An issue of fact arises upon a plea of not guilty. [Amended by 1973 c.836 §223]
136.020 [Repealed by 1973 c.836 §358]
136.030
How issues are tried. An
issue of law shall be tried by the judge of the court and an issue of fact by a
jury of the county in which the action is triable. [Amended by 1973 c.836 §224]
136.040
When presence of defendant is necessary. (1) If the charge is for a misdemeanor, the trial may be had in the
absence of the defendant if the defendant appears by counsel; but if it is for
a felony, the defendant shall appear in person.

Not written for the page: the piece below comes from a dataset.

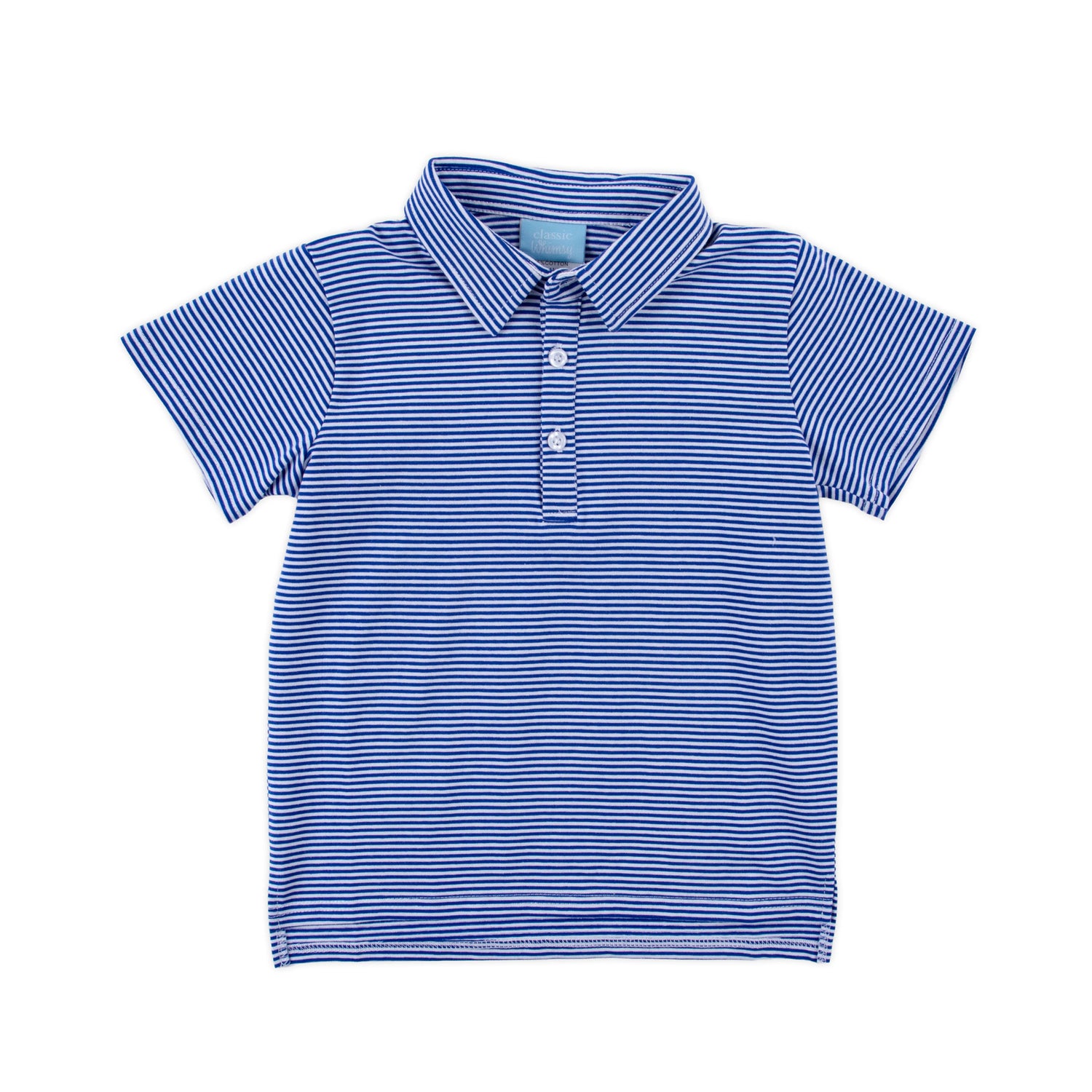 Perfect for various occasions throughout the year, this short sleeve boy's Royal Blue Stripe Polo Shirt brings a playful touch to any day. Consider adding a monogram to personalize your look and make a statement.

(2) Notwithstanding the provisions of
subsection (1) of this section, if the charge is for a misdemeanor, the trial
may be had in the absence of the defendant and defendant’s counsel if the
misdemeanor is treated as a violation under ORS 161.566 or 161.568. [Amended by
1973 c.836 §225; 1993 c.533 §3; 1999 c.1051 §123]
136.050
Degree of crime for which guilty defendant can be convicted when doubt as to
degree exists. When it
appears that the defendant has committed a crime of which there are two or more
degrees and there is a reasonable doubt as to the degree of which the defendant
is guilty, the defendant can be convicted of the lowest of those degrees only.
136.060
Jointly charged defendants to be tried jointly; exception. (1) Jointly charged defendants shall be
tried jointly unless the court concludes before trial that it is clearly
inappropriate to do so and orders that a defendant be tried separately. In
reaching its conclusion the court shall strongly consider the victim’s interest
in a joint trial.
(2) In ruling on a motion by a defendant
for severance, the court may order the prosecution to deliver to the court for
inspection in camera any statements or confessions made by any defendant that
the prosecution intends to introduce in evidence at the trial. [Amended by 1983
c.705 §1; 1987 c.2 §6]
136.070
Postponement of trial. When
a case is at issue upon a question of fact and before the same is called for
trial, the court may, upon sufficient cause shown by the affidavit of the
defendant or the statement of the district attorney, direct the trial to be
postponed for a reasonable period of time. [Amended by 1959 c.638 §18; 1973
c.836 §226]
136.080
Deposition of witness as condition of postponement. When an application is made for the
postponement of a trial, the court may in its discretion require as a condition
precedent to granting the same that the party applying therefor consent that
the deposition of a witness may be taken and read on the trial of the case.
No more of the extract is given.